Hi, I am using COMPSRA tools for small RNASeq data analysis. One of the samples I am using is SRR14272450. It is a single-end read generated using 1 x 50 bp chemistry of Illumina HiSeq 2500. After downloading and the SRA file and splitting to obtain the fastq file, I performed FastQC for quality analysis and got the adapter content as follows:
I used COMPSRA tools to remove adapters, using the following code as suggested by the COMPSRA manual:
java -jar COMPSRA.jar -ref hg38 -qc -ra TGGAATTCTCGGGTGCCAAGG -rb 4 -rh 20 -rt 20 -rr 20 -rlh 8,17 -in SRR14272450_1.fastq -out SRR14272450_qc
This generates the following files:
According to the manual, we should be using the file 17to50_FitReads file for further analysis. But I went ahead to check the post-trimming FastQC and saw the following result:
As you can see, adapters have not been completely removed, and for the life of me I cannot figure it out. Someone, please guide me on how to proceed. I tried fastp, sickle, cutadapt, with similar or worse results.

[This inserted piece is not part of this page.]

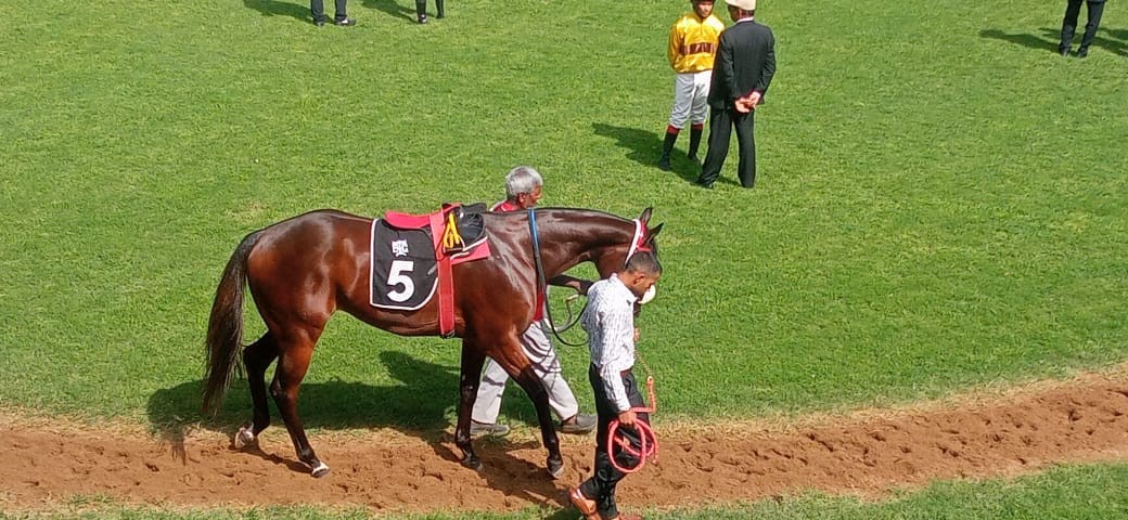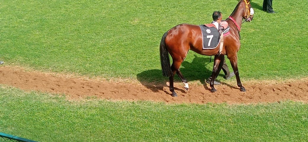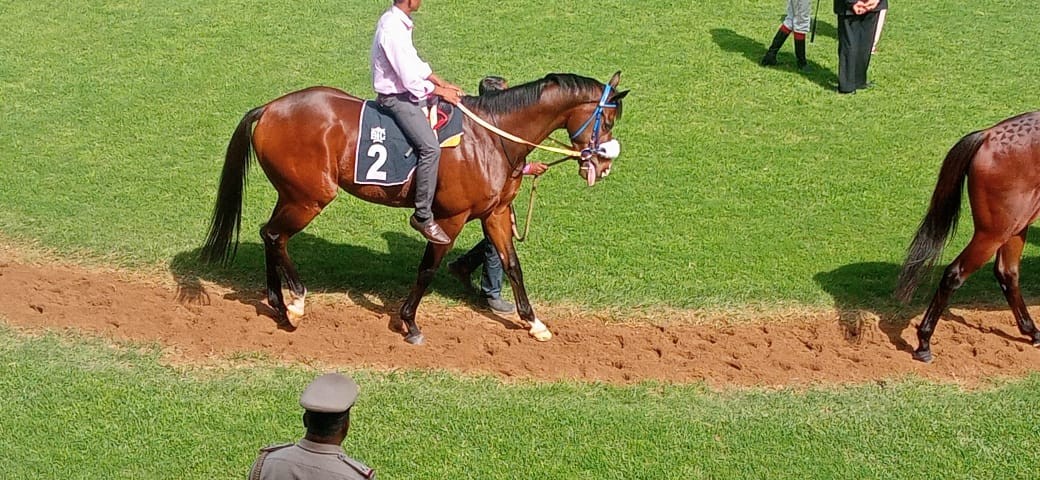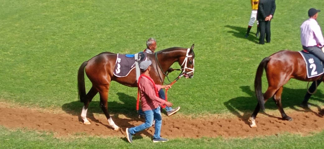 NEVER GIVE IN (Saddam Hussain), ARALINA (Antony Raj), DENSETSU (Soufyane J Moulin), VAL D’ARAN (P Vikram) and SLAINTE (Ritesh Gochhi) in 1-17s; from 1,200m to 600m 38s. All jumped out well. They were almost level.

Since you have tried different tools with similar results you may as well go ahead and do the analysis.
If you are referring to this pipeline then it seems to be using
STAR
for analysis which should be able to soft-clip the adapters. With public data you always run the risk of not fully understanding how the sample was prepared. You may need to spend some time on the data to see if you can figure the data out.Yes, that is the pipeline I am following. And thank you, your response helps!